O grande erro de A Garota na Teia de Aranha está em ter me obrigado a falar em “perseguições de carro”, “lutas dolorosas” e “cenas de ação”. Escrito por Jay Basu, Steven Knight e pelo próprio Alvarez, o novo filme da franquia Millenium conta a história de um programa de computador que pode controlar todo aparato de mísseis do mundo, isso a partir de qualquer computador. Lisbeth é então contratada para “roubar” esse programa da NSA e entregar de volta para seu criador, mas uma gangue chamada “As Aranhas” se mete no caminho.
Como você pode imaginar pelo começo que destrói completamente toda mitologia da personagem criada por Larson nos livros, Lisbeth ainda terá que enfrentar seu passado, encarnado em uma vilã que só se veste de vermelho e salto alto, como se fosse uma caricatura qualquer de algum filme de espionagem pouco interessante.
É fácil perceber que Blomkvist nem está na sinopse, o que é mais que merecido para a pouca importância do personagem, agora vivido pelo pouco empolgante Sverrir Gudnson, que você não deve lembrar de ter visto em lugar nenhum.

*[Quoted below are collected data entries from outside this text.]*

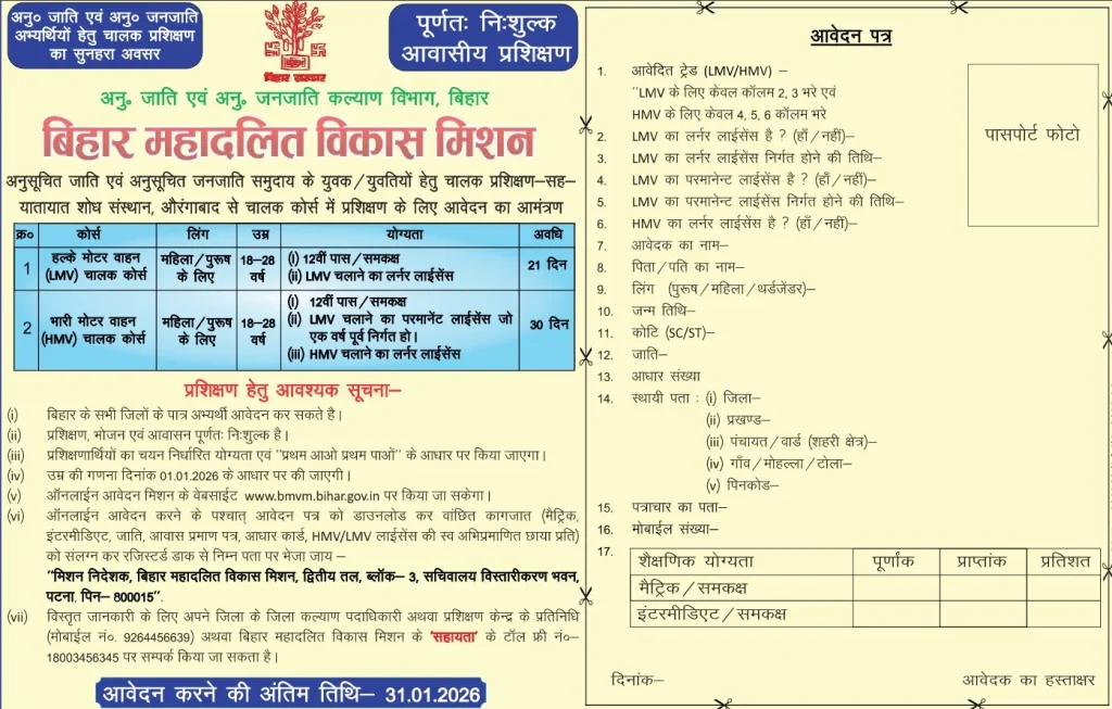 Bihar Free Driver Training Yojana 2026: क्या आप बिहार राज्य के अनुसूचित जाति एवं अनुसूचित जनजाति के युवक या युवती है और आपके पास ड्राइविंग लाइसेंस है और आपको गाड़ी चलानी नहीं आती है और आप गाड़ी चलाना सीखना चाहते है, तो आपके लिए खुशखबरी निकल कर आ रही है क्योंकि बिहार सरकार की ओर से बिहार महा दलित विकास मिशन के शुरुआत की गई है इस मिशन के अंतर्गत अनुसूचित जाति एवं अनुसूचित जनजाति के युवक और युवतियों को निःशुल्क गाड़ी चलाने का प्रशिक्षण प्रदान किया जा रहा है।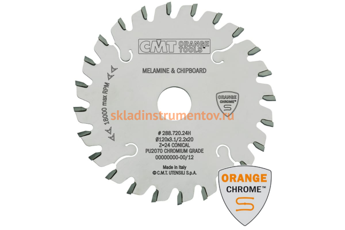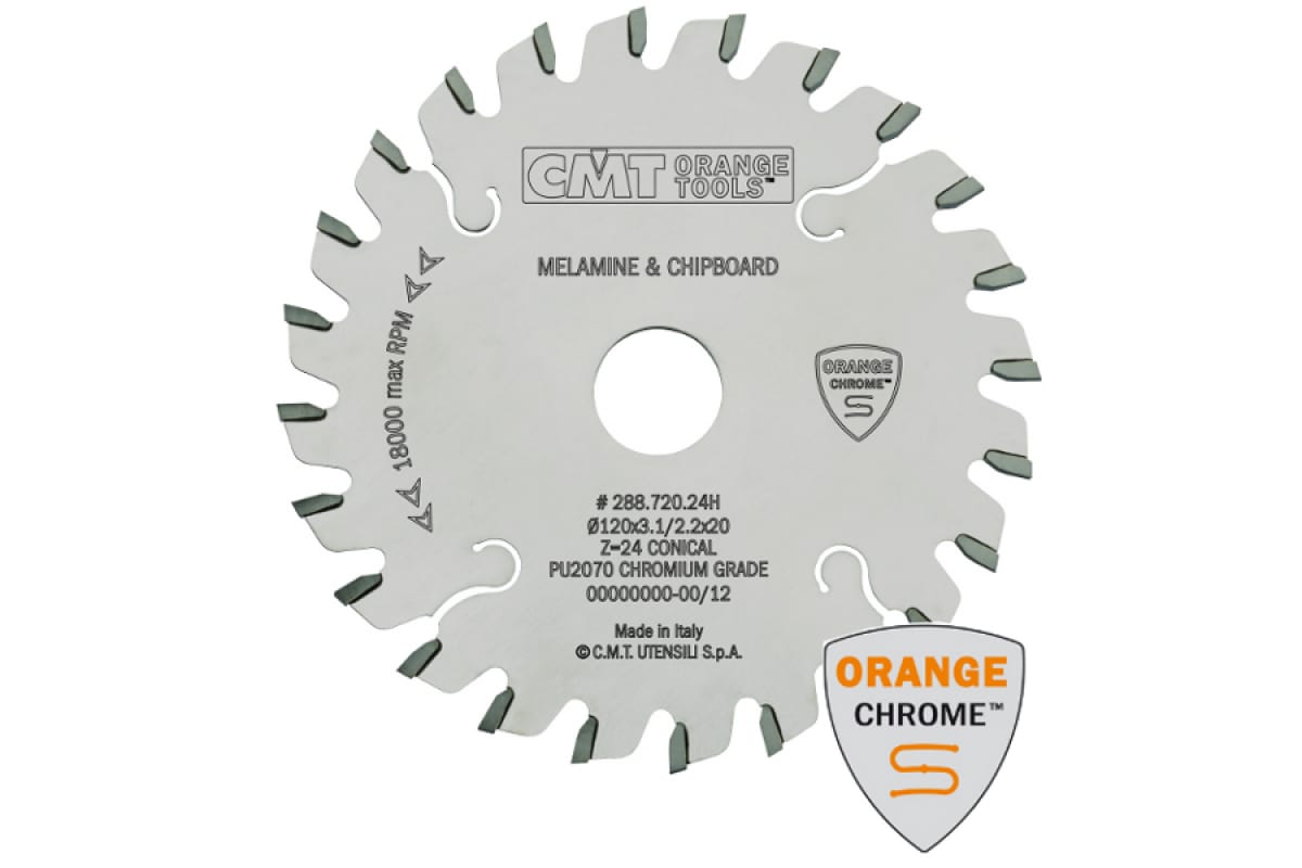 Диск подрезной по дереву (120х20х3,1-4,0/2,2 мм; Z=24) CMT 288.720.24H используется совместно с горизонтальными или вертикальными форматно-раскроечными станками для работ с ламинированными панелями, ДСП, ЛДСП, МДФ.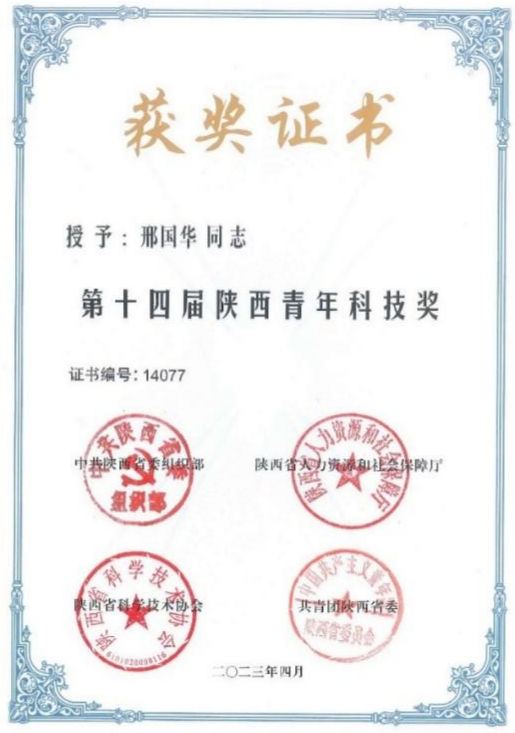 近期,全国科技工作者日陕西主场活动在西安举办,省科协等部门表彰了第十四届陕西青年科技奖获得者。香香漫画 邢国华教授荣获第十四届陕西青年科技奖。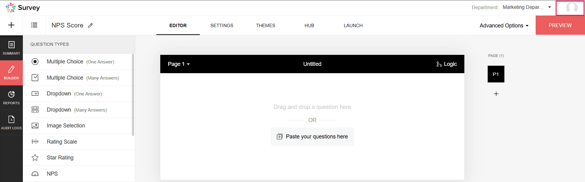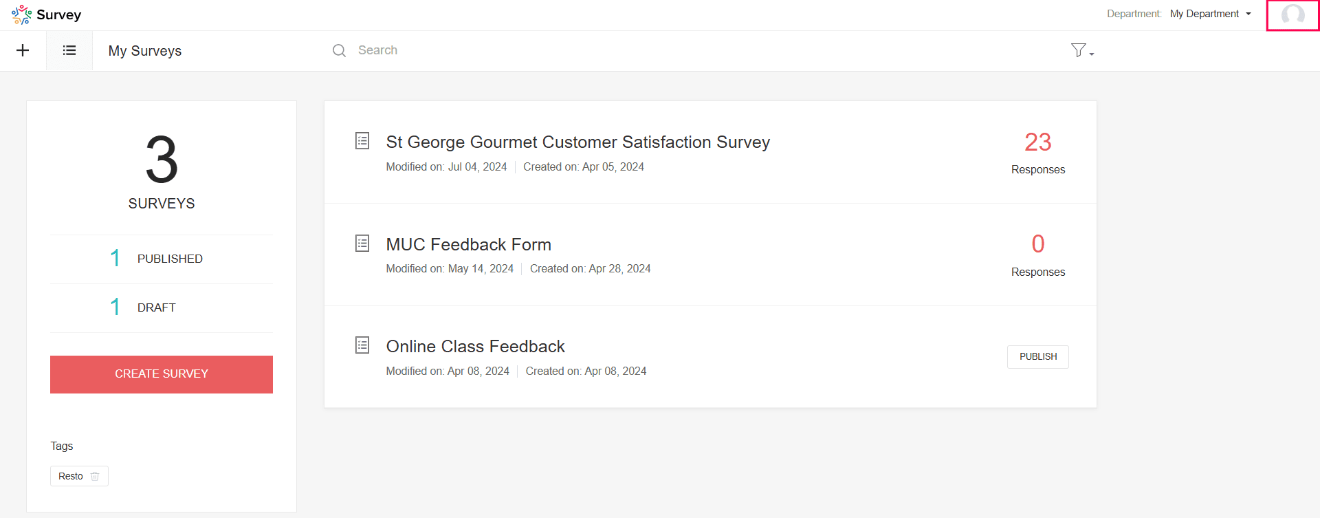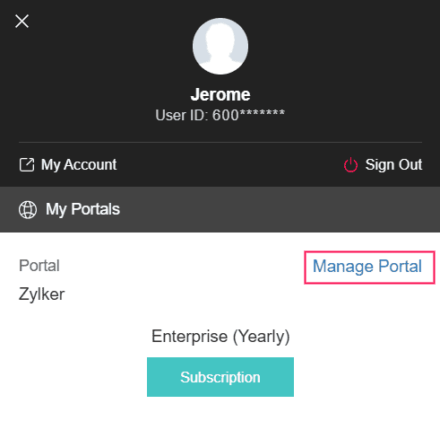 - Click on your profile icon at the top right corner of Zoho Survey and click on Manage Portal.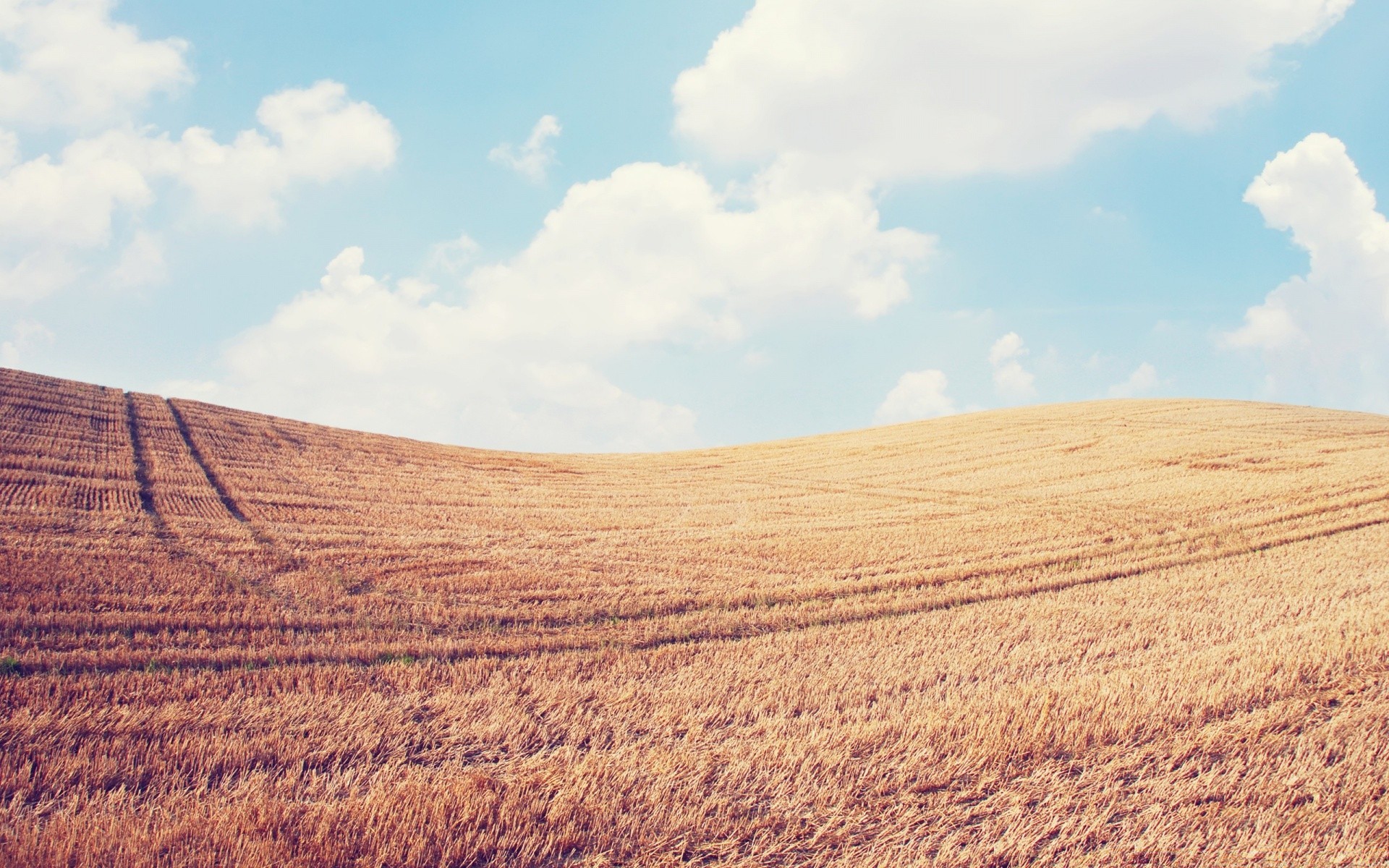 Beautiful landscape, field on the background of clouds

Além de criar essa trama maior do que a franquia gostaria, o trio de roteiristas ainda erra a mão nesses detalhes. Blomkvist parece relegado a duas matérias na carreira e uma insegurança que em nada combina com o personagem, um mesmo traço de caráter que arranca Lisbeth de seu próprio domínio. Sua frieza em muitos momentos se torna uma fragilidade emocional que atrapalha quem entrou para o cinema para ver aquela mesma personagem do outro filme. Essa nova heroína ainda parece estar a um passo a frente de tudo, mas acaba se permitindo tomar algumas decisões baseadas em uma emoção que não a raiva. Ter que encarar uma cara de choro e um gritinho desesperado por Blomkvist quando o vê machucado é de cortar o coração de quem enxergava uma complexidade muito maior na personagem.
Talvez A Garota na Teia de Aranha nem seja ruim, mas dai se colocar como continuação do outro, com personagens que já tinham conquistado uma legião de fãs, e seguir por um rumo tão diferente, impede que qualquer um consiga se distanciar dessas referências. Talvez, o desespero por manter a franquia levando dinheiro para os cofres tenha cegado todos que não perceberam que estavam fazendo sei lá qual filme, mas nunca um que honrasse a primeira adaptação do best seller sueco.
“The Girl On The Spider´s Web: A New Dragon Tatoo Story” (UK/Ale/Sue/Can/EUA, 2018), escrito por Jay Basu, Fede Alvarez e Steven Knight, baseado no livro de David Lagercrantz, dirigido por Fede Alvarez, com Claire Foy, Sylvia Hoeks, Lakeith Stanfield, Stephen Merchant, Cameron Britton, Vicky Krieps e Sverrir Gudnason.